Но это еще семечки. Я предчувствую самую нелепую нелепость, которая вот-вот случится со мной. С самого первого дня со мной случается что-то нелепое. И не просто нелепое, а из ряда вон нелепое. Да и не только со мной, но и с моими родственниками. Их тоже преследует рок-шутник.
Буквально за несколько дней до получения пенсии персональной разбилась моя бабушка-стюардесса. Моя любимая бабушка-ветеран. Можно сказать, бабушка нашего Аэрофлота. Ну, дядю-кормильца, того давно посадили. Так же как и тетю, его вдову. Я уж и думать забыл о них. Так же как и о других посаженных родственниках, никогда не промышлявших на хлебозаводе, умевших честно добывать свой хлеб. Другое дело – его и в этом случае нет. У нас же кроме побед – ни хрена не имеется. Что-нибудь одно – либо победы, либо обеды.
Да, кстати, вчера я нашел зеркало, будто себя нашел. И обрадовался, как ребенок.

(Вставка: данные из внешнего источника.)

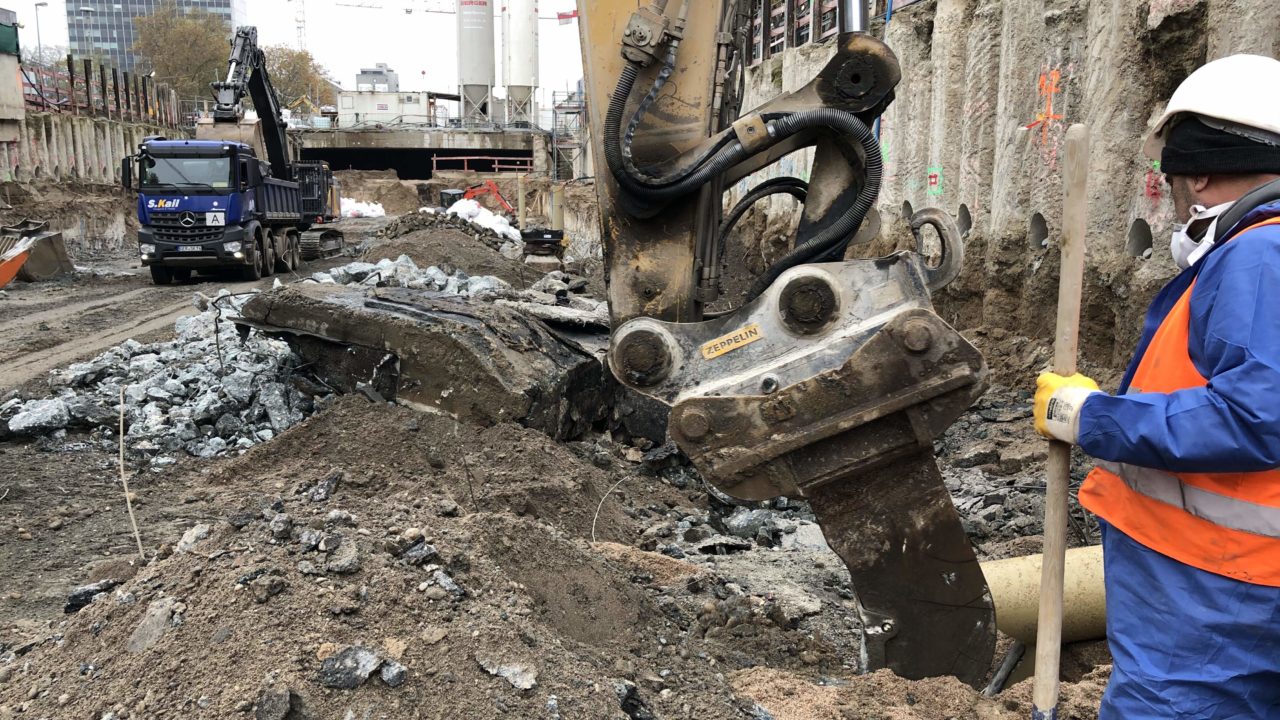 Im Baufeld W 1, also direkt am Karlstor, wird noch die Baugrube hergestellt, in der dann später der Tunnelboden, die Wände und anschließend die Tunneldecke betoniert werden. Im westlichen Bereich dieses Baufeldes wird gar noch die Weichgelsohle eingebracht – die Schutzschicht, die das Eindringen von Grundwasser in die Baugrube verhindern soll.
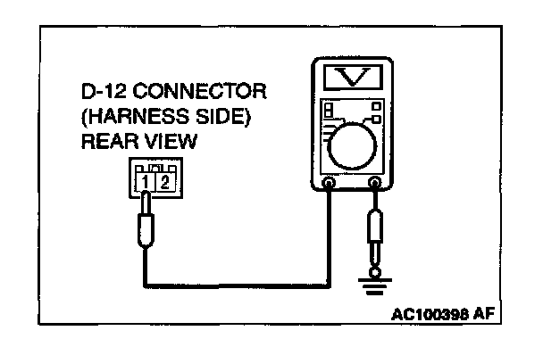 1. Disconnect left-side impact sensor connector D-12, and measure at the wiring harness side.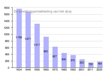 Het inwonertal van het dorp nam tussen 1934 en 2011 continu af (van een maximum van 1.769 tot een minimum van 150 personen). Volgens de meest recente schatting telde het dorp 184 inwoners op 31 december 2020, een stijging ten opzichte van 2011.[2]
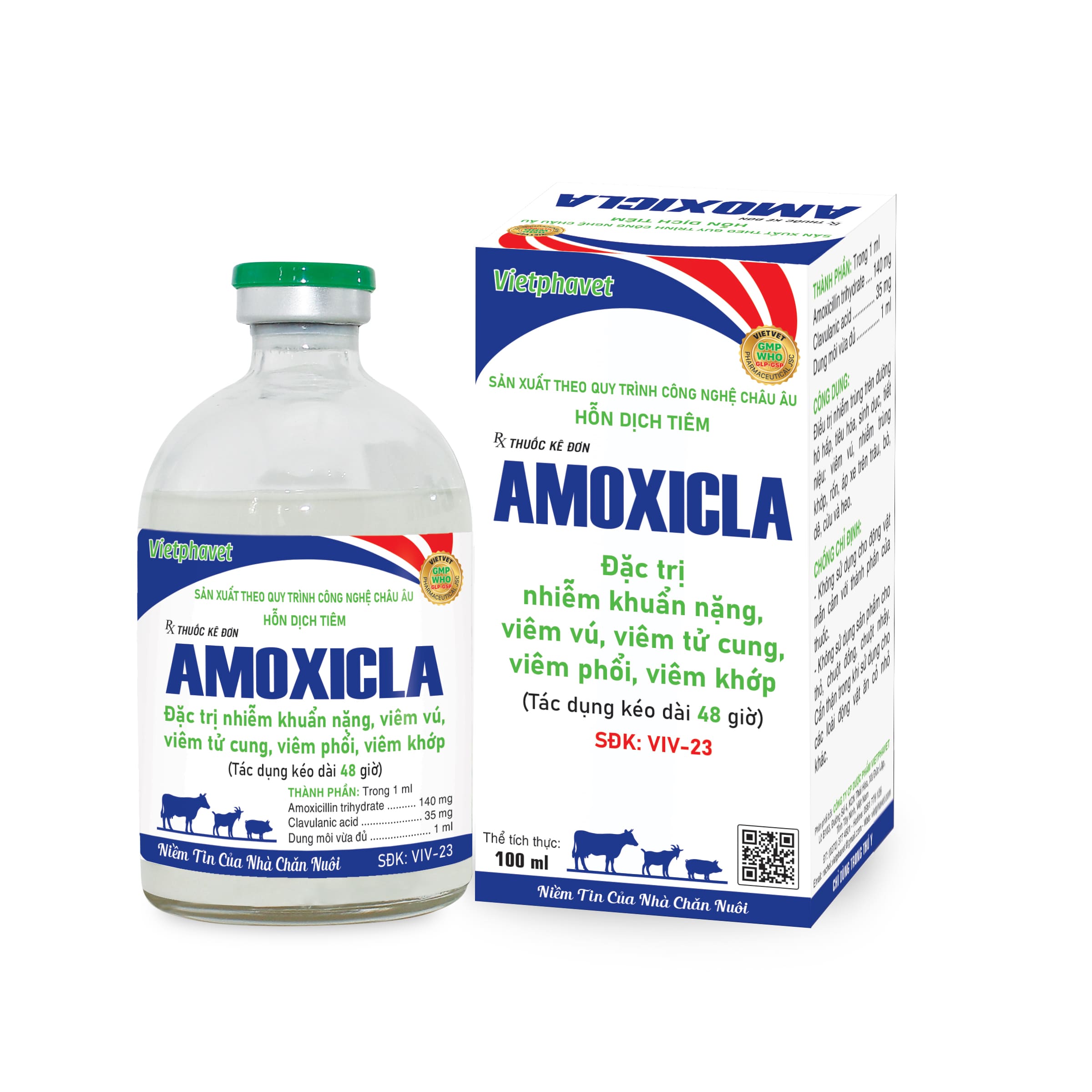 Điều trị nhiễm trùng trên đường hô hấp, tiêu hóa, sinh dục, tiết niệu: viêm vú, nhiễm trùng khớp, rốn, áp xe trên trâu, bò, dê, cừu và heo.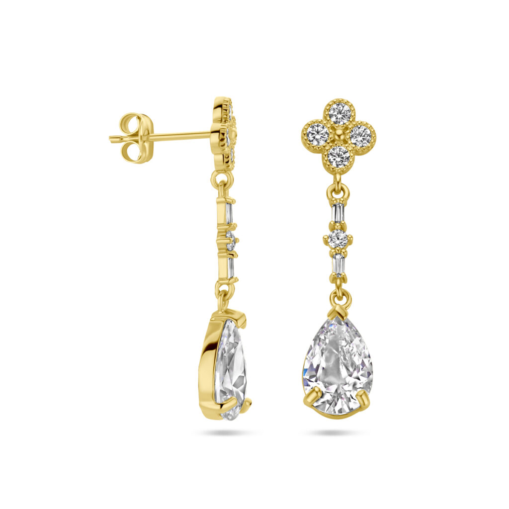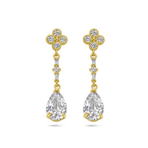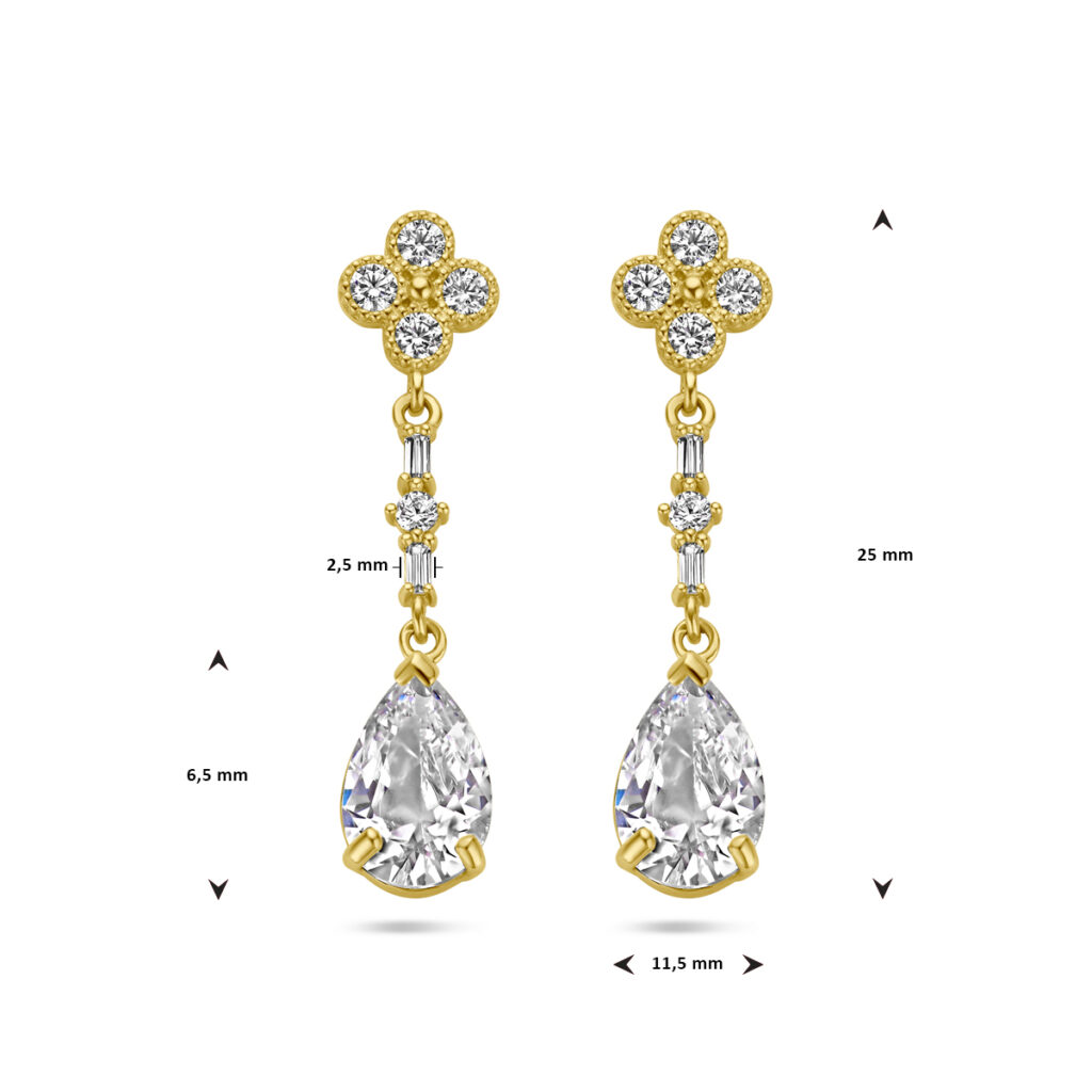 14k Geelgouden oorhangers uitgevoerd met zirkonia. De oorhangers hebben een totale hoogte van 25mm.

Любовь к детям у него была не случайной.
Если верить окружающим, он был человек необычный. Мужчины утверждали, что он парень-рубаха. Женщины, им вполне доставало одной его внешности. И так считали, что красив до неприличия. И так беременели в его честь. О чем он не всегда догадывался. И тогда они ему говорили: «Я беременна, хотя и временно, но это не значит, что ты не будешь платить мне вечно…» «Что тебе подарить, красавица?» – спрашивал он. «Подари мне что-нибудь из денег. Ласки стоят того», – отвечали они ему неизменно. Да он и сам каждый раз допускал, что любой малыш на улице может вполне оказаться его любимым и не единственным сыном (он уже имел сына от чьей-то жены). Как и любой старик, на скамейке спящий, имел все шансы оказаться родным отцом.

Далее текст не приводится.